Waters had known Cole since he was four years old. They’d experienced the frictions common to any friendship over time, magnified by the tensions of a business partnership, but Cole had never truly screwed him. Waters wasn’t worried about outright betrayal. What worried him was weakness. Cole had vices. All men did, but Cole was exceptionally bad at resisting temptation. He drank, gambled, and chased women, and he was loose with money. In his youth he had been good about keeping his own counsel, but lately even that virtue had begun to erode.
“Let me help you, Rock,” Cole said in a quiet voice. “Everybody needs a little help sometimes.”
“I don’t,” Waters said, suddenly sure. “But I appreciate it.”
He saw disappointment in his partner’s eyes. It was human nature. When we feel weak, it comforts us to know that others share our vulnerabilities. But Waters could not afford to reveal his. Not to Cole. If he needed a confessor, he would have to choose very carefully.
“I need to get to work on that map,” he said. “The one you were after me about last week.”
Cole nodded but did not get up. “Be sure, Rock. Because once you take a fork in the trail, you can’t always get back to the same spot. You know?”
“I’m good,” Waters assured him. “No worries.”
Cole looked far from convinced, but he heaved himself out of the chair and walked to the door. Before he went out, he turned and gave Waters a mock salute that seemed to say, “I did my best. You’re on your own. Good luck.” Then he went out.

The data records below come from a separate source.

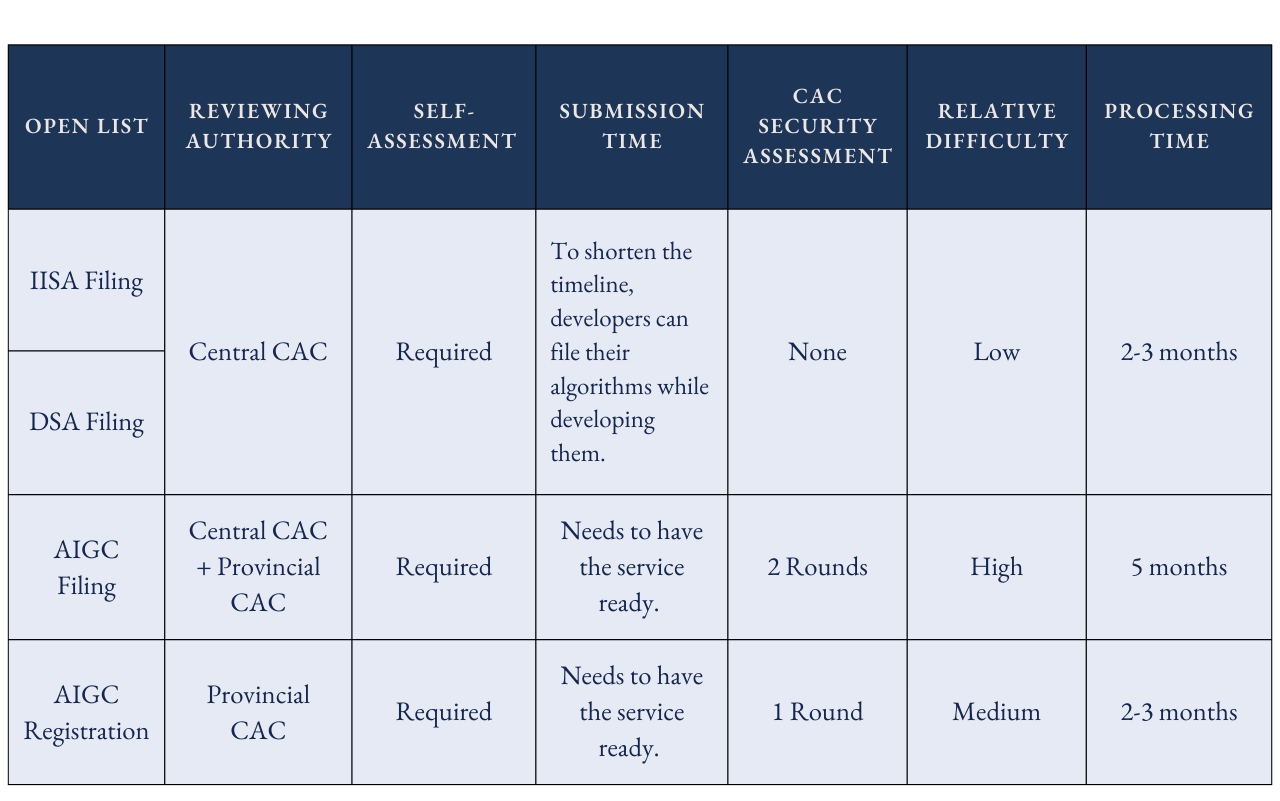 To make AI services within the aforementioned 4 open lists, companies must follow at least one of the three processes. The Cyberspace Administration of China (CAC), China’s top internet regulator with both state and provincial level presences, oversees all three processes.
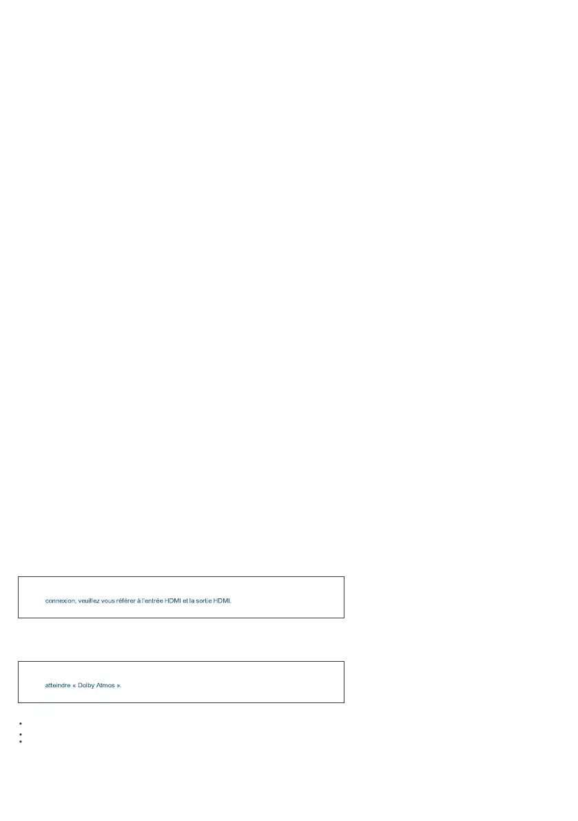 DOLBY ATMOS n'est disponible qu'en mode 'HDMI IN' et 'HDMI OUT' (ARC). Pour les détails de la
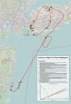 В 21:30:55 КВС дал указание установить закрылки на 14°. Одновременно с ним диспетчер дал указание: Авианка пятьдесят два, следуйте курсом три шесть ноль, пожалуйста. Второй пилот сообщил командиру, что закрылки выпущены на 14°, а когда тот спросил, каким курсом следовать, то ответил, что 360°. В 21:31:01 диспетчер NY TRACON сообщил: О’кей, вы номер два в заходе на посадку. Просто я должен дать вам достаточно пространства, так как вы будете выполнять её без возможности повторного захода[15]. В 21:31:22 КВС спросил: Три шестьдесят, нет?, на что второй пилот ответил: Три шестьдесят. В 21:32:07 рейсу AVA052 было дано указание повернуть на курс 330°[16].
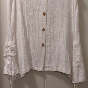 Hi. Just wondering, in one picture, the blouse looks sleeveless and the other looks like it is long sleeve with lacey cuffs? Thanks.

The rest of the day passed in a disjointed sequence of detached, fuguelike states interrupted by mundane phone calls. At one point he buzzed Sybil to bring him the newspaper, then remembered that Eve’s body had been discovered six hours after the paper hit the streets. There would be plenty of coverage tomorrow, though. Penn Cage’s girlfriend had probably been working the story like a pit bull from the moment Eve’s body was found. But he needed a faster source of information than tomorrow’s paper. He needed to know what the police knew. Had any hotel guests heard screaming from room 324? Had anyone come forward with knowledge about Eve’s recent activities? What kind of trace evidence had they taken from the scene?
His phone buzzed, and he snapped out of his reverie.

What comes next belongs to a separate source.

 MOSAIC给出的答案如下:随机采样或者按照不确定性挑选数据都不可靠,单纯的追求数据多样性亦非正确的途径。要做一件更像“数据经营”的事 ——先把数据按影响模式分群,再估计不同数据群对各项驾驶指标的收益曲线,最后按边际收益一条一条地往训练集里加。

“Your wife on line one,” Sybil informed him.
“I’ve got it.” He hit the button. “Hey, Lil.”
“Have you heard about Eve Sumner?”
“I heard.”
“Isn’t it just unbelievable?”
No….
“It is.”
The open line hissed in his right ear.
“John, I’ve been thinking.”
He waited.
“The rumor is, Eve was meeting someone at the hotel, and whoever it was killed her.”
“I haven’t heard that.”
“Oh, you know she was. Having an affair, I mean. That was what Eve did. She couldn’t find the love she needed, so she just kept looking. And ever since I heard about it, all I can think about is us.”
“Us? Why?”
“Because…I know you were gone last night.”

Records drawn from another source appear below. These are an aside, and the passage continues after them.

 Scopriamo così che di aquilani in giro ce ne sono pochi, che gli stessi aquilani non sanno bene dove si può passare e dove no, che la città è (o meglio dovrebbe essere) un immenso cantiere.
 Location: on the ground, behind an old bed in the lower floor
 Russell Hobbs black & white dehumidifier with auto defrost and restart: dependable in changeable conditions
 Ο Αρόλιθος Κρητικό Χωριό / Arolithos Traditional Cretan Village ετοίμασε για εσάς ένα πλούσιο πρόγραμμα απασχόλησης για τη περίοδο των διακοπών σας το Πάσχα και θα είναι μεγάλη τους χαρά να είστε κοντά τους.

His chest tightened so suddenly that he found it hard to breathe.
“I know you were probably just taking a ride like you do sometimes. But think if you had been doing something. I couldn’t blame you if you were. Not with the way things have been between us. And what happened to Eve…that kind of thing could happen to anybody. When you’re desperate, and you go looking in the wrong places for something you should have at home—”
“Lily, don’t,” he said, surprised by the hysteria in her voice.
She sobbed, then choked it back. “I’m so
stupid
. It makes me so angry to know something is wrong with me and not be able to change it. I know I’ve said that before, but now…I just have to, John. I have to change. Life’s too short.”